+++ AVAILABLE DATA +++

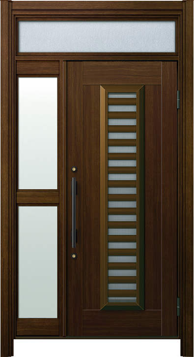かんたんドアリモ 玄関ドアD30 アルミドア S11・片袖FIX(中桟付)・木目・らんま有り
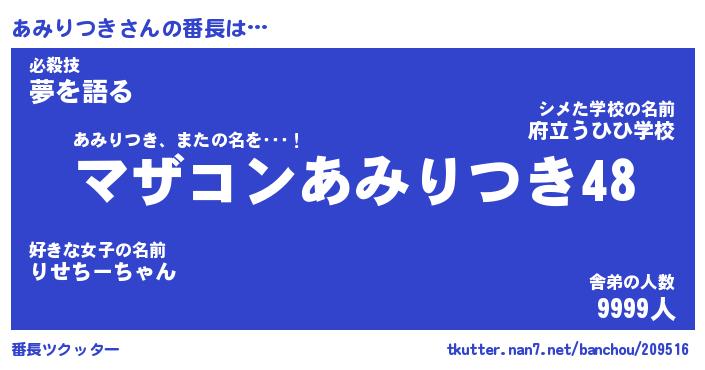 | ヒーロー風カッコイイあだ名 | 『スーパーアミリツキ』『魔戒騎士アミ』 |
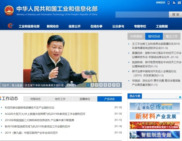 ▲ 공업정보화부(工业和信息化部) 홈페이지
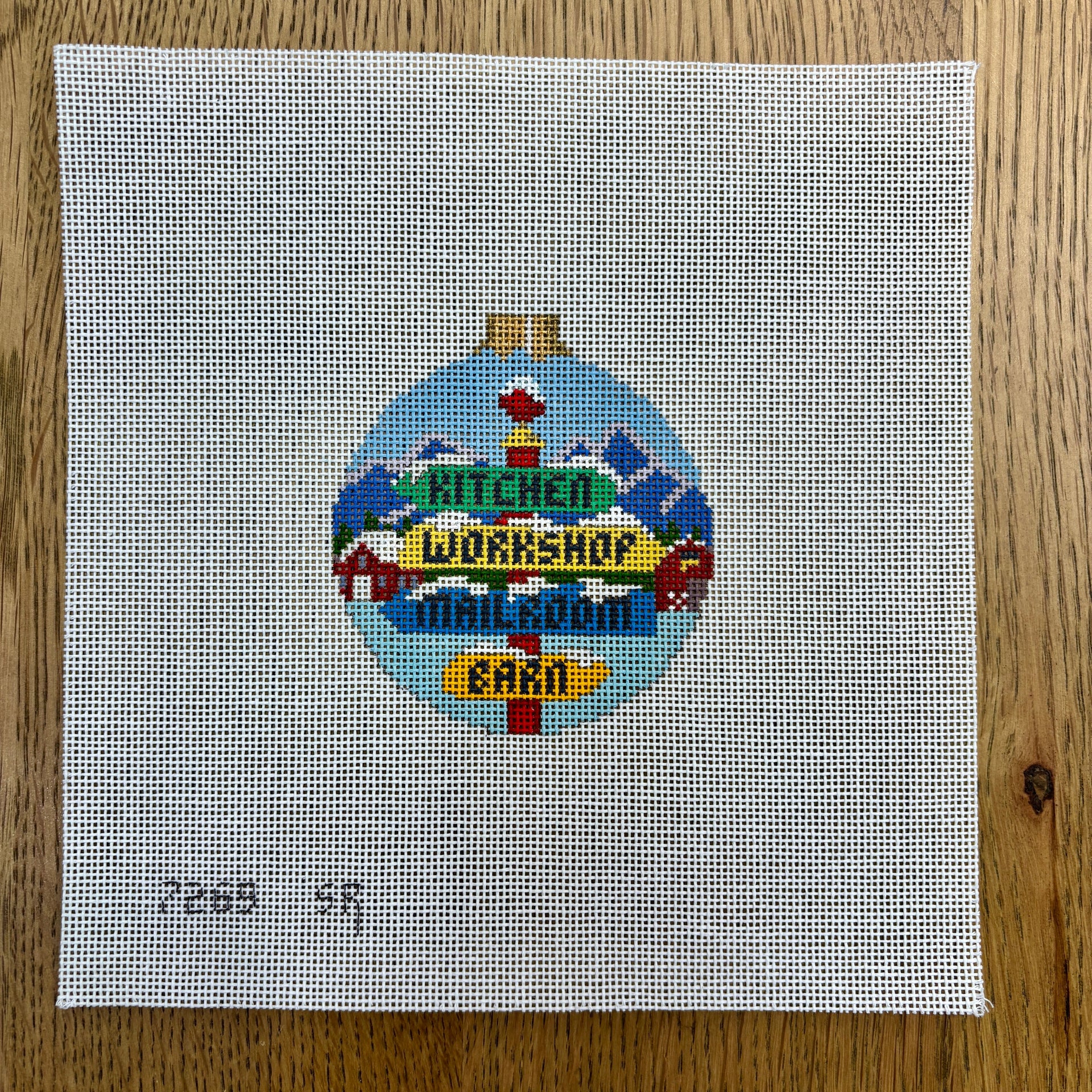 SR7269 North Pole Signs, 3.25" Round - TS, 18 mesh, Handpainted by Susan Roberts, Design Size: 3.25" Round
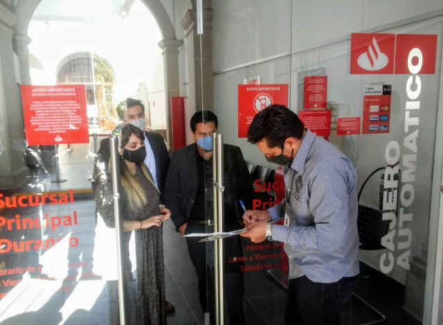 "Clausuran Sucursal Bancaria Santander por no Cumplir con las Medidas de Sanidad"Por: Harimm García. El Director Municipal de Protección Civil, Gustavo Paredes Moreno, indicó que como parte de la nueva normalidad, su dependencia junto a otras instancias municipales mantienen en revisión cada uno de los comercios para asegurarse que cumplan con los lineamientos establecidos por el Sector Salud. En este sentido, indicó que al día de hoy han revisado aproximadamente 500 establecimientos en conjunto con los comerciantes y empresarios que tienen autorizado reabrir sus locales, que…
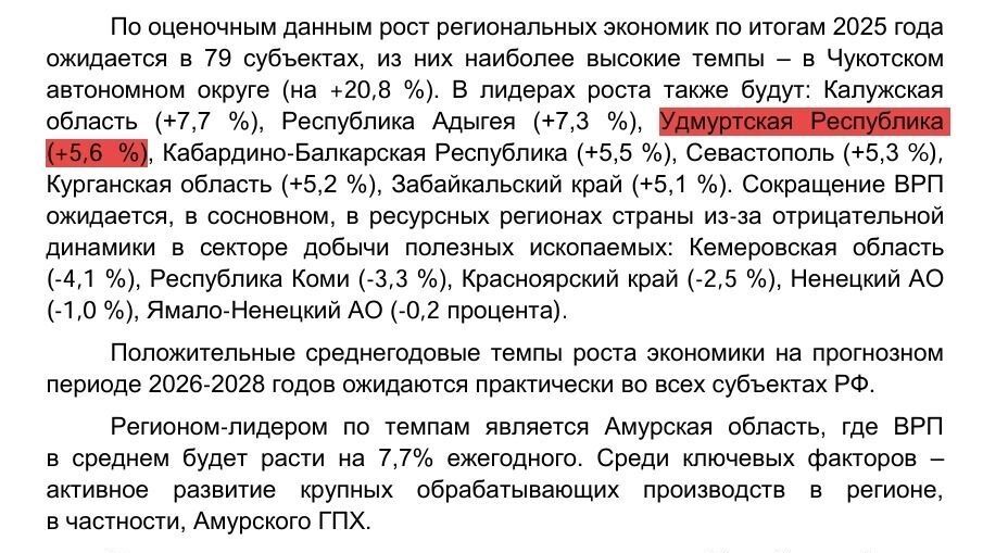 Самый высокий темп увеличения ВРП ожидается по итогам года на Чукотке — 20,8%. На втором месте Калужская область (7,7%), третье место у Адыгеи (7,3%). Удмуртия с планируемым показателем 5,6% идет четвертой, обгоняя Кабардино-Балкарию (5,5%).
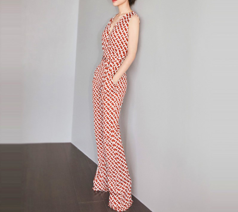 BBL DESIGN WRAP FRONT TILE PRINT JUMPSUIT
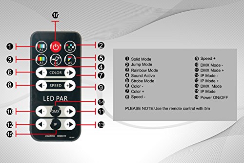 With more optional control methods,Auto, Sound-activated, DMX512, Master/Slave, IR remote.
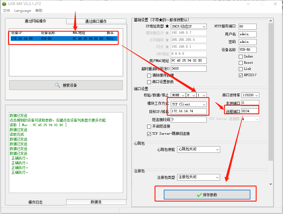 點擊“搜索設(shè)備”,當(dāng)搜索列表中出現(xiàn)K6的設(shè)備后,單擊搜索到的設(shè)備,設(shè)置配置信息并保存(動態(tài)IP),工作方式選擇TCP Client,目標ip為虛擬串口IP:172.16.14.74,遠程端口為虛擬串口的本地端口號:8234
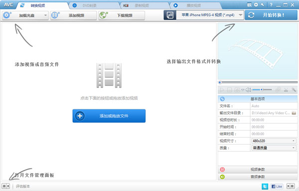 Any Video Converter(万能视频转换工具)是一款专业的影片转换软件,它可以在保证最佳品质下,采用最快速的转换运算,几乎支持市面上流通的所有影片格式,例如:DivX, XviD, MOV, rm, rmvb, MPEG, VOB, DVD, WMV。支持把AVI转换成iPod/PSP、其它可携式影片设备、MP4播放器或是电话的MPEG-4影片格式。同时支持用户自定义输出格式和大小比例!
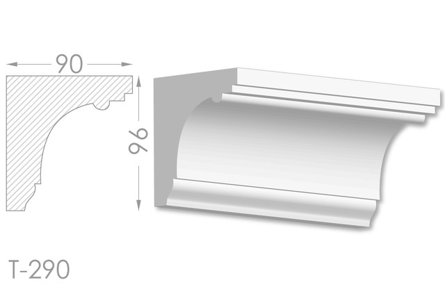 Молдинг – (Тяга) - універсальний декоративний елемент з гіпсу, оригінальної форми, який використовується для кріплення на вертикальну площину. Виріб призначений для декорування внутрішніх стін приміщень. Мета-створення особливого візуального ефекту, зонування стельової області, верхньої частини стін, завершення дизайнерського інтер'єру, внесення «останніх штрихів». Конструкція виконана з якісних матеріалів, колір – білий, відповідний кольору сировини. Молдинг може бути декорований відповідно до обраної колірної гами стилем, пофарбованим в необхідний відтінок. Параметри виробу: висота – 96 мм, ширина – 90 мм.
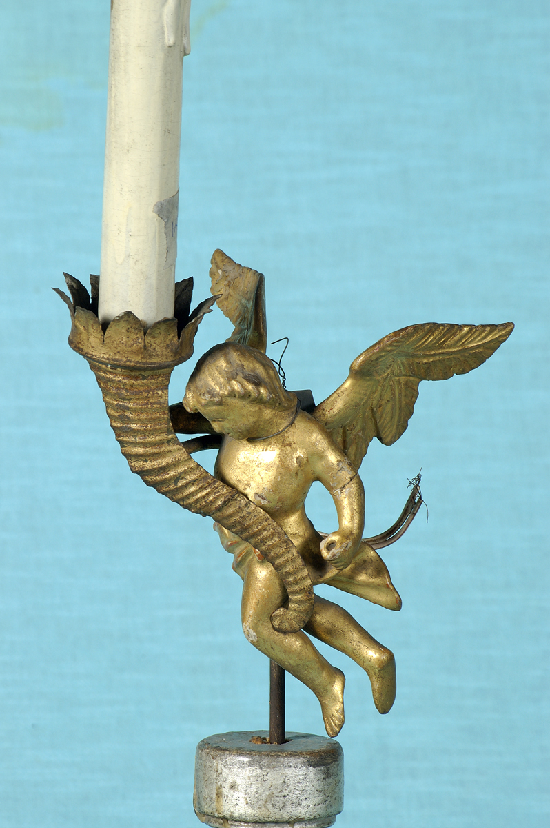 Ogni angioletto regge una cornucopia con portacandela. Sono stati adattati all'elettricità
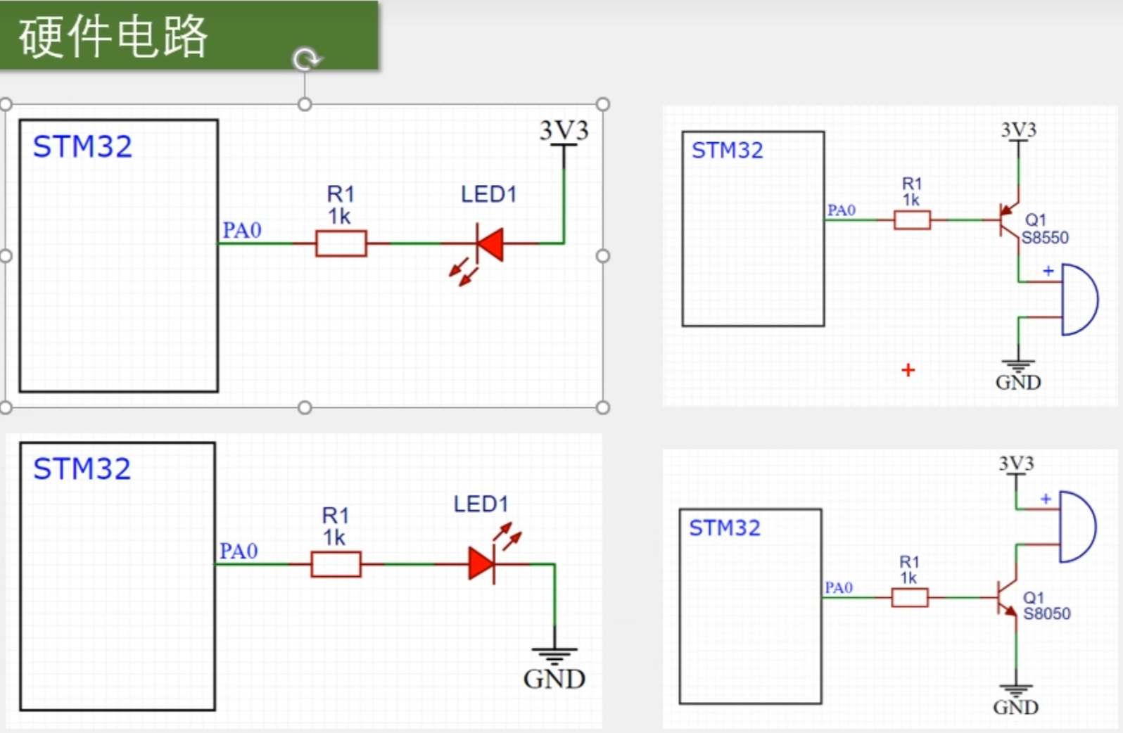 当右上此时基极给到负电压,则那条线路就直接导通了,蜂鸣器就响,但是给了正电压,则直接截止

+++

◆ WORK REQUIRED ◆
Find the line with "SR7269 North Pole" in the entries above. Set down exactly every line from it up to and including the line with "BBL DESIGN WRAP FRONT TILE PRINT JUMPSUIT", images excluded.

◆ COMPLETED TASK ◆
 SR7269 North Pole Signs, 3.25" Round - TS, 18 mesh, Handpainted by Susan Roberts, Design Size: 3.25" Round
 "Clausuran Sucursal Bancaria Santander por no Cumplir con las Medidas de Sanidad"Por: Harimm García. El Director Municipal de Protección Civil, Gustavo Paredes Moreno, indicó que como parte de la nueva normalidad, su dependencia junto a otras instancias municipales mantienen en revisión cada uno de los comercios para asegurarse que cumplan con los lineamientos establecidos por el Sector Salud. En este sentido, indicó que al día de hoy han revisado aproximadamente 500 establecimientos en conjunto con los comerciantes y empresarios que tienen autorizado reabrir sus locales, que…
 Самый высокий темп увеличения ВРП ожидается по итогам года на Чукотке — 20,8%. На втором месте Калужская область (7,7%), третье место у Адыгеи (7,3%). Удмуртия с планируемым показателем 5,6% идет четвертой, обгоняя Кабардино-Балкарию (5,5%).
 BBL DESIGN WRAP FRONT TILE PRINT JUMPSUIT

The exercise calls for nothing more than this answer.